*The task*. Please keep the pictures out and write out exactly the lines from the first in the data below through the one containing "Sweet Cool Fashion", both included.

*Data to process*.

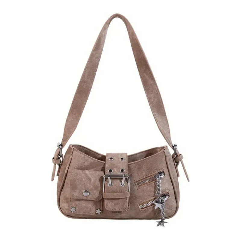 Cartera Bandolera De Tela Para Mujer Correa De Hombro Caqui Lisa
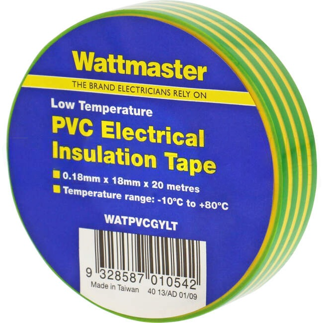 Wattmaster 18mm x 20 Metres Insulation Tape Green & Yellow Single Roll
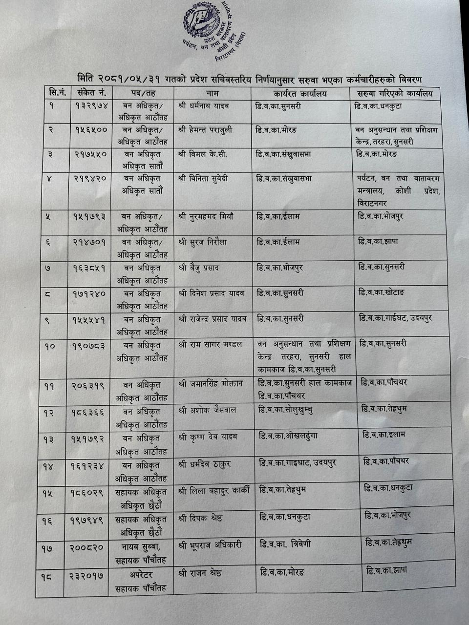 मिति २०८१।०५।३१ गतेको प्रदेश सचिवस्तरीय निर्णयानुसार सरूवा भएका कर्मचारीहरूको विवरण
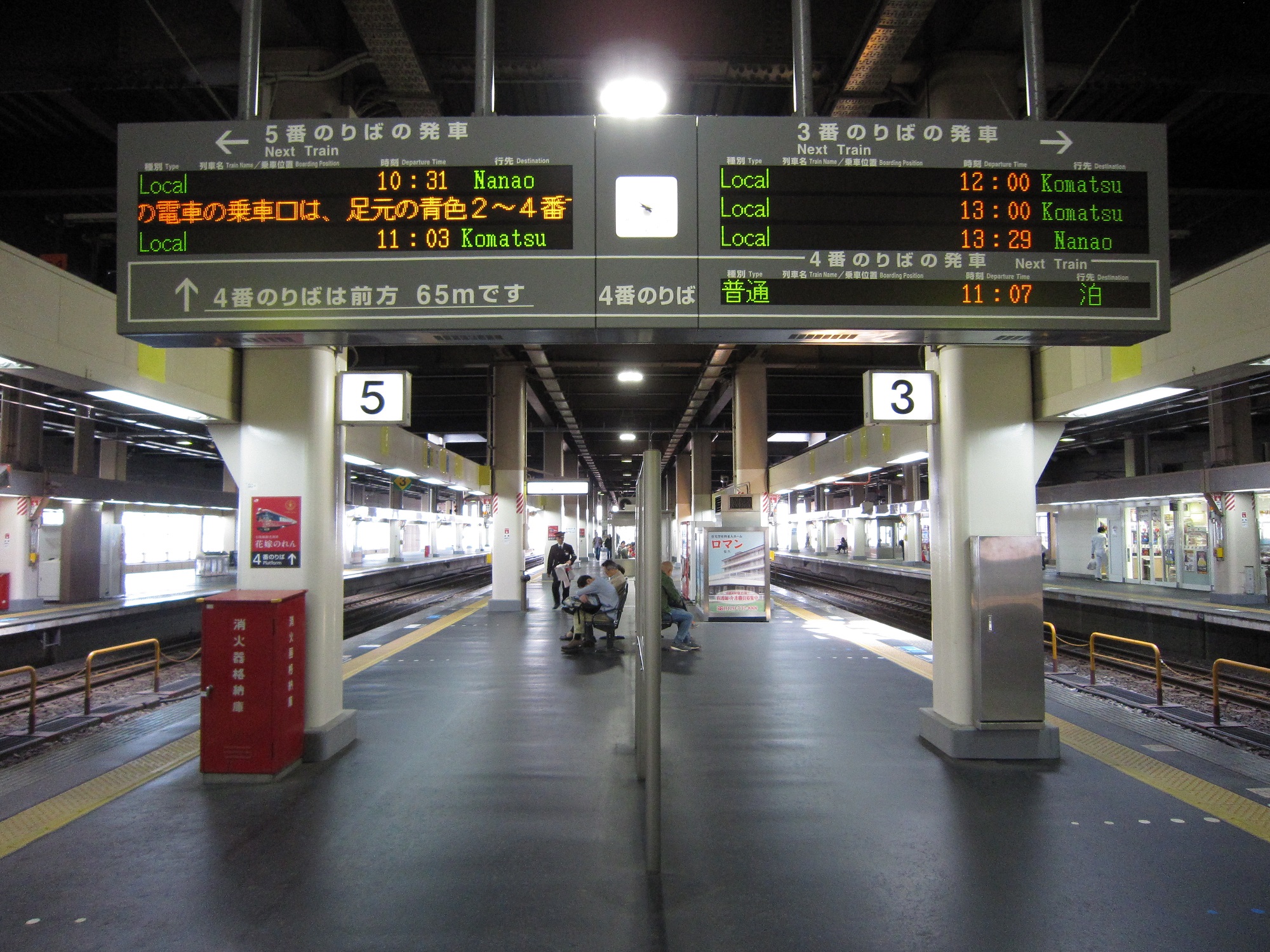 で、4番線はどこにあるのかというと、3番線・5番線の先、富山方向に歩いたところにあります。主に、七尾・和倉温泉方面に行く列車が発着します。
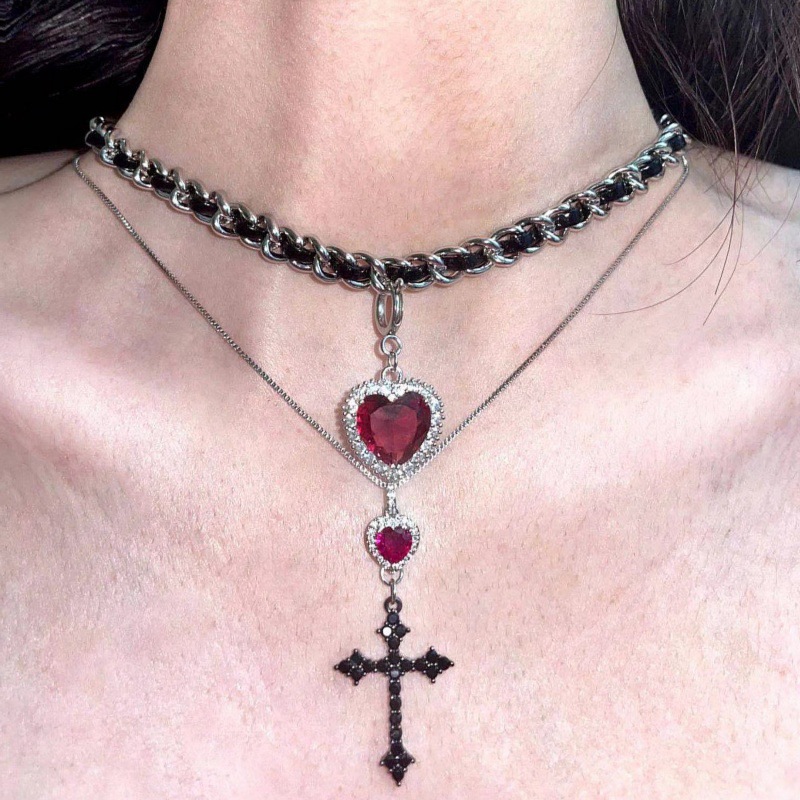 Sweet Cool Fashion Diamond-encrusted Red Love Cross Pendant Necklace Women's Light Luxury Vintage Niche Design Sense Collarbone Chain
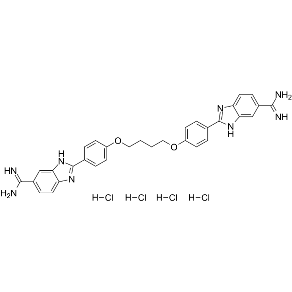 InChI=1S/C32H30N8O2.4ClH/c33-29(34)21-7-13-25-27(17-21)39-31(37-25)19-3-9-23(10-4-19)41-15-1-2-16-42-24-11-5-20(6-12-24)32-38-26-14-8-22(30(35)36)18-28(26)40-32;;;;/h3-14,17-18H,1-2,15-16H2,(H3,33,34)(H3,35,36)(H,37,39)(H,38,40);4*1H
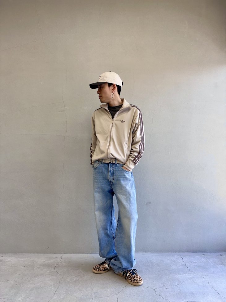 ライトブルーデニム×ベージュトラックジャケットを合わせた爽やかな大人のスポーツ MIX。
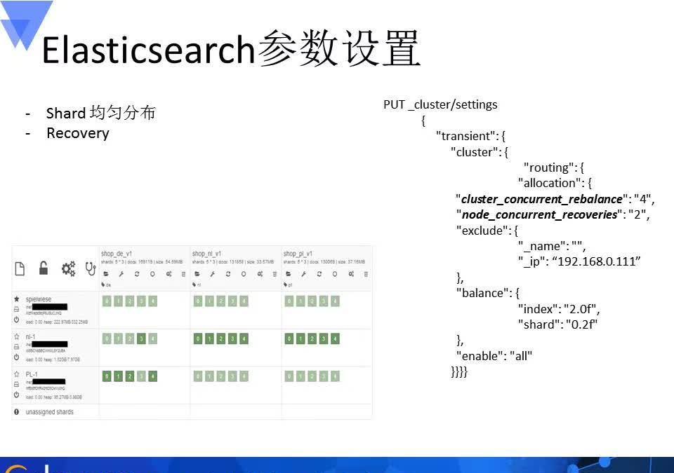 这里就是讲输入到ElasticSearch里面每个集群的一些参数,一些相对比较主要的一些参数。这里的参数配了一幅图,这幅图最想表明的意思是说,我的参数的配置要使得我从整个集群的角度上来看,它每一台机器上的shard数目基本是相当的。
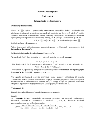 Pn będzie wielomianem interpolacyjnym Lagrange’a dla funkcji f :[a, b] → R, o
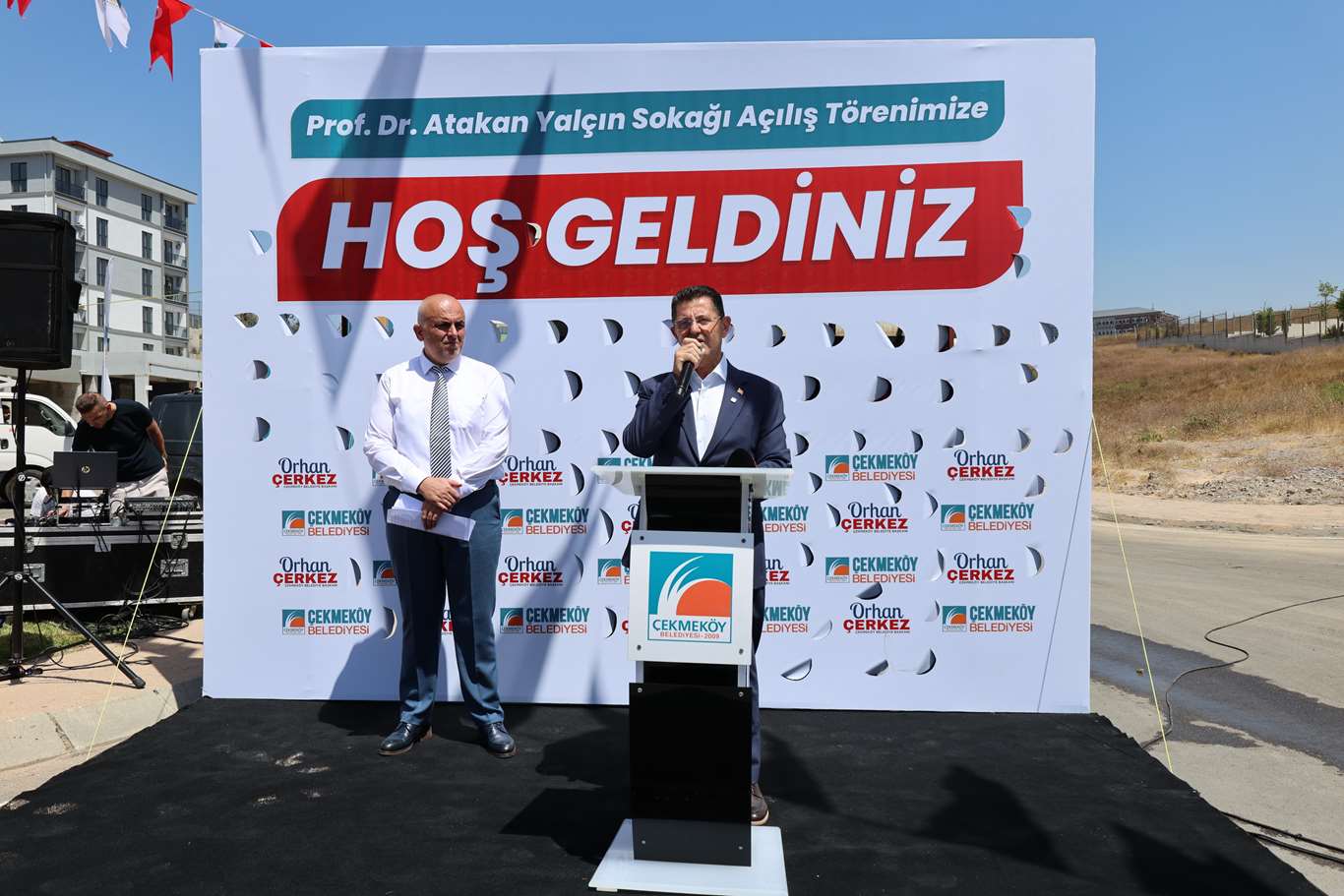 Çekmeköy Belediye Başkanı Orhan Çerkez: “Bugün Bolu’daki elim yangında kaybettiğimiz yetmiş sekiz canımızdan biri olan değerli hocamız Atakan Yalçın’ın ismini sonsuza dek yaşatmak, eğitim verdiği üniversiteye çıkan caddeye adını vermek için bir araya geldik. Atakan Yalçın hocamız bizler için de çok değerli bir bilim insanı ve ilçemizde ömrünü eğitime adayan kıymetli bir hocamızdı. Onun kaybetmenin büyük üzüntüsünü yaşadık. Bugün de burada sonsuza dek ismini yaşatmak için bir araya geldik. İsmi bu sokağa verdik. Çalışmada emek sarf eden, bizlere birlikte çalışan mesai arkadaşlarıma, meclis üyelerimize ve katkı sunan herkese sonsuz teşekkür ediyorum” dedi.
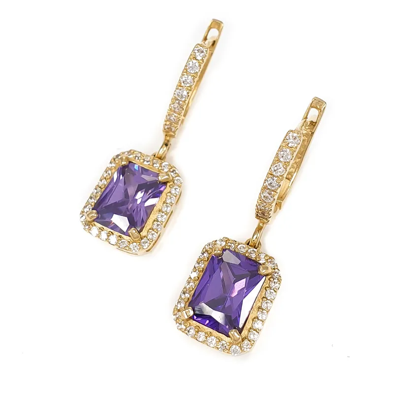 ZŁOTE KOLCZYKI 585 WISZĄCE AMETYST I CYRKONIE
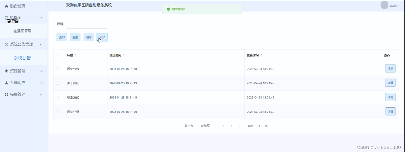 (2)轮播图:管理员点击“轮播图”菜单可以对首页展示的轮播图进行增删改查。
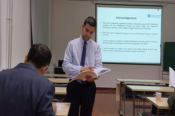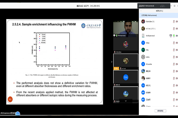 Khaled提前将答辩演示文稿录下,由答辩秘书发给所有答辩委员。学院还专门邀请2位专家,协助学院学术委员会审查他的论文。3月23日下午1时,凯立德在埃及通过腾讯会议软件进行了在线视频答辩。答辩委员会主席由核学院曹欣荣教授担任,委员由兰州大学张红强教授以及我校王建军教授、曾和义教授、张萌副教授组成。凯立德围绕其学位论文《基于伽玛能谱的铀浓缩测量研究》进行答辩报告,并就答辩委员会专家提出的问题作答。经过充分讨论,答辩委员会无记名投票表决,答辩委员会认为凯立德的论文达到了工学博士学位论文的水平,一致同意他的博士学位论文通过答辩,同意凯立德毕业,并建议授予其工学博士学位。
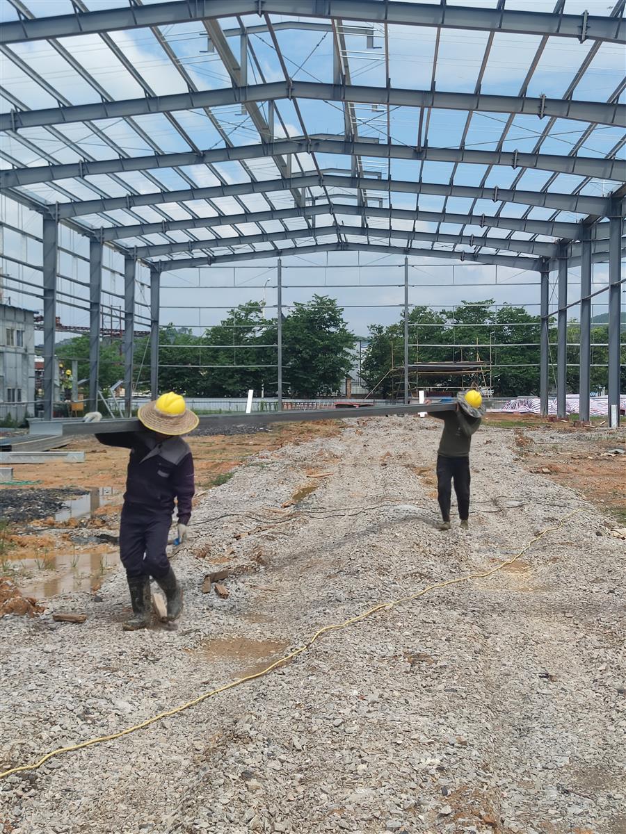 項(xiàng)目總建筑面積為6519.2平方米,建設(shè)內(nèi)容包含道路工程,綠化工程、室外給排水工程、室外電氣工程等。目前,項(xiàng)目廠房基坑開(kāi)挖完成80%;22#樓地基基礎(chǔ)、水電預(yù)埋已完成;主體結(jié)構(gòu)鋼梁鋼柱已安裝完成,檁條、拉條完成90%。
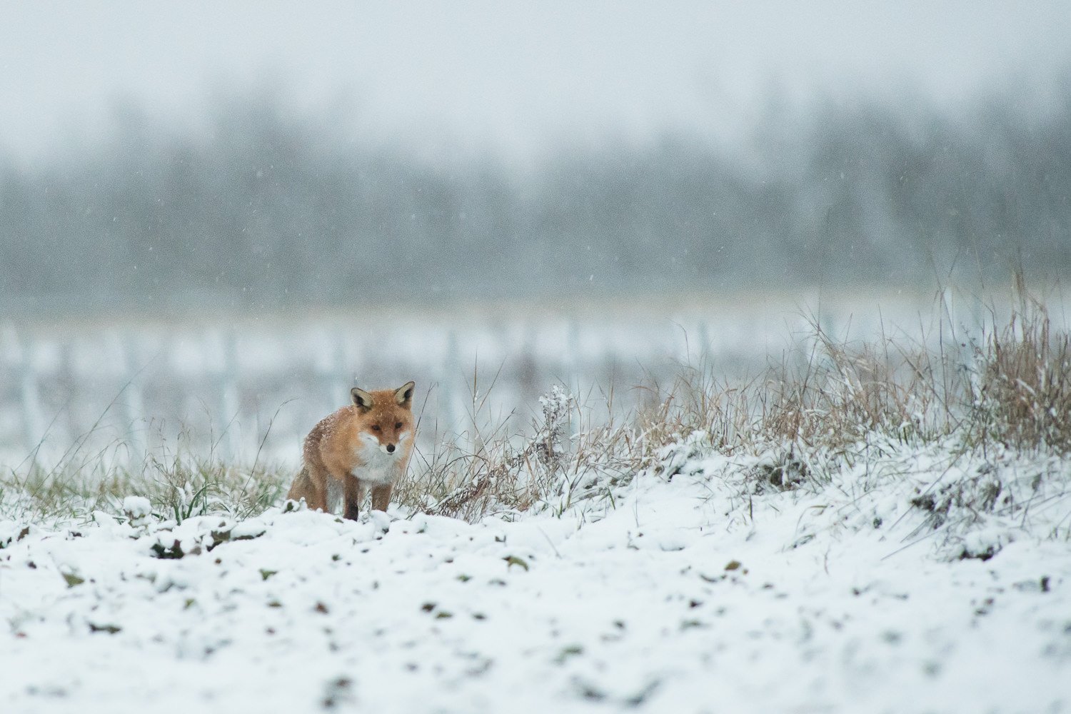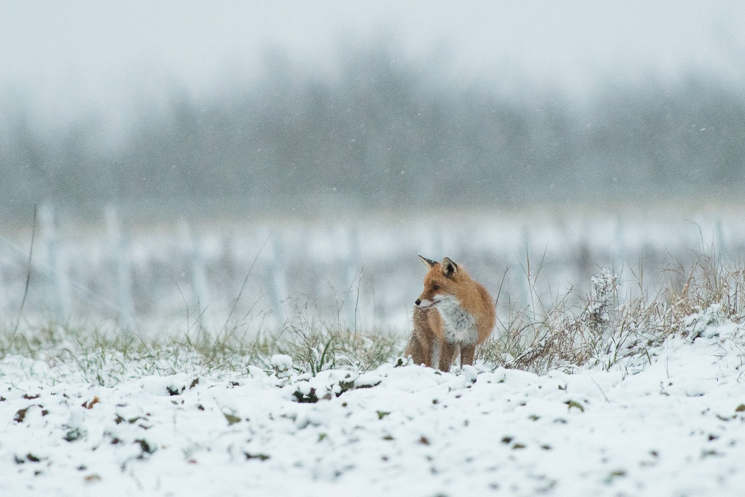 Après l’avoir vu plusieurs jours de suite déambuler dans ce secteur, j’ai enfin pu immortaliser son cheminement. Juste après la tempête de neige, il est déjà 9 h, je m’apprête à quitter mon affût. Les jours précédents mon ami goupil était déjà rentré dans la forêt à cette heure avancée de la matinée. À peine relevé, j’aperçois sa silhouette entre les rangs de vigne. Je me repositionne lentement avec une certaine appréhension d’être repéré. Depuis 2013, je n’avais pas fait de belles photos de renards dans la neige! L’émotion me gagne à son approche, le viseur se couvre de buée, c’est la panique ! Je retrouve mon sang-froid, m’éloigne un peu du viseur, la buée s’en va, le meilleur moment atteint son apogée lorsque maître goupil passe à 10 m de moi sans me repérer. Quelle rencontre !
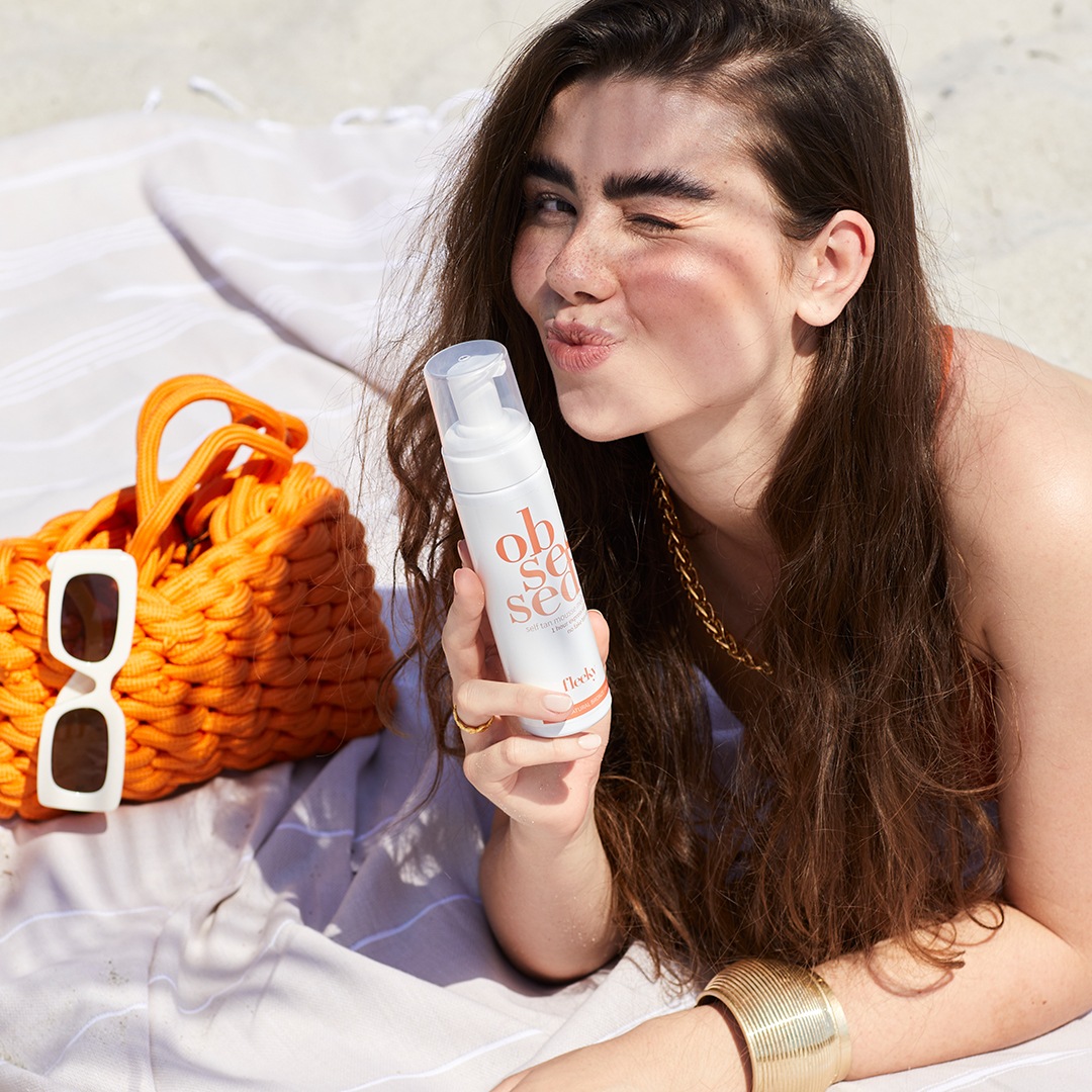 Шаг 2 - Нанесите мусс на тело и равномерно распределите круговыми движениями с помощью нашей рукавицы или кисти кабуки. Нанесите мусс экономно на локти, колени и лодыжки. Тщательно вымойте руки после нанесения.

*Solution to the exercise*.
 Cartera Bandolera De Tela Para Mujer Correa De Hombro Caqui Lisa
 Wattmaster 18mm x 20 Metres Insulation Tape Green & Yellow Single Roll
 मिति २०८१।०५।३१ गतेको प्रदेश सचिवस्तरीय निर्णयानुसार सरूवा भएका कर्मचारीहरूको विवरण
 で、4番線はどこにあるのかというと、3番線・5番線の先、富山方向に歩いたところにあります。主に、七尾・和倉温泉方面に行く列車が発着します。
 Sweet Cool Fashion Diamond-encrusted Red Love Cross Pendant Necklace Women's Light Luxury Vintage Niche Design Sense Collarbone Chain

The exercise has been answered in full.